Сизоворонкин сам рассмеялся, и продолжил нравоучительным тоном:

– А вы что прекрасной незнакомке предлагали, вот это?

Он ловко щелкнул пальцем по вялому члену, свисавшему меж розовых ляжек человекосвина. Тот звонко визгнул, и этот звук словно порвал какую-то невидимую струну. В мире, где еще не родился Зевс, раздался гром, сверкнула молния; наступившую тишину почти сразу разрезал долгий тоскливый крик. Судя по тому, что он звучал с вполне различимым стереофоническим эффектом, это кричал Вельзевул. Монстры вокруг забегали, теряя камни, и подвизгивая от нетерпения. Хрюн лишь метнул виноватый взгляд на напарника, прошептал-прохрюкал: «Начинается», – и метнулся к мегалиту громадными прыжками, один из которых, последний, вознес его на вершину одиночно торчавшего камня.

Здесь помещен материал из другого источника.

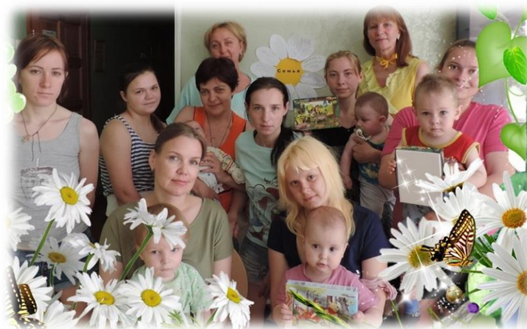
Памятные дни вместе
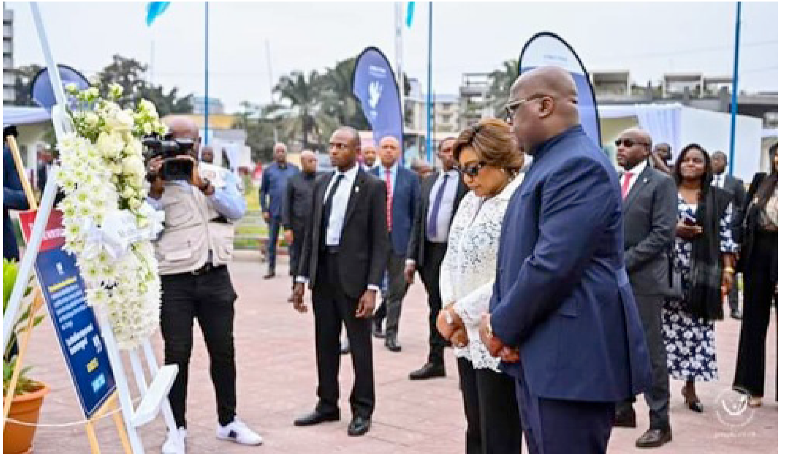
Le couple présidentiel déposant une gerbe de fleurs en mémoire des victimes des guerres
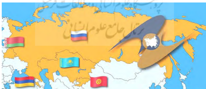
شکل شماره ۱. کشورهای عضو اتحادیه اقتصادی اوراسیا قبل از پیوست ایران

سایر جمهوری‌های مشترک المنافع با نگاه به تجربه مثبت و مفید این اتحادیه، جهت بهره‌برداری از منافع و فواید آن متمایل به عضویت در این اتحادیه شدند و در سال ۲۰۱۵ با درخواست عضویت کامل دو کشور ارمنستان و قرقیزستان در سال ۲۰۱۵، تعداد اعضای آن را به ۵ عضو ارتقاء یافت. توسعه اتحادیه اقتصادی اوراسیا با وضعیت اقتصاد اعضا رابطه مستقیم دارد. از سوی دیگر همگرایی با شرکای خارجی برای دستیابی به دستاوردهای بیشتر در اولویت اعضا قرار گرفته است. اما از آنجاکه اعضای اتحادیه، اقتصاد توسعه یافته‌ای ندارند، سیاست‌های مختلفی در این اتحادیه برای گسترش روابط اقتصادی استفاده شده است. ایجاد منطقه آزاد تجاری با سایر کشورهایی که دارای اقتصاد در حال توسعه و باثبات هستند و نیز ایجاد سازوکار همکاری با اتحادیه‌های منطقه‌ای (مثل اتحادیه اروپا و آسه‌آن)، از جمله سیاست‌های اقتصادی این اتحادیه در دستیابی به هدف خود است (خان-محمدی، ۱۳۹۸).

Сизоворонкин уважительно присвистнул, и принялся устраиваться на своем камне поудобней – словно на диване перед телевизором. Об этом «четвероногом друге» он вспомнил почти с нежностью. Может, поэтому камень показался ему таким мягким, удобным; он, как настоящий диван, принимал под могучим боком удобное положение. Алексей еще не опустил голову на подставленную руку (подушку здесь никто не припас), а все монстры уже заняли свои места и вытянули шеи вперед, в ожидании чуда.

Прямо напротив Лешки – метрах в сорока – напряг оба лица Вельзевул. Он чуть различимо морщился; очевидно, вид вольготно расположившегося на каменном ложе Сизоворонкина резал ему все четыре глаза. Алексей подмигнул ему, уверенный, что недодьявол прекрасно увидел его улыбку, и начал с ним разговор, сам отвечая за Вельзевула по причине того, что на таком расстоянии тот участвовать в разговоре не мог:

– Теперь я точно знаю, что прекрасная половинка Сущего неравнодушна к тебе, Вельзевул!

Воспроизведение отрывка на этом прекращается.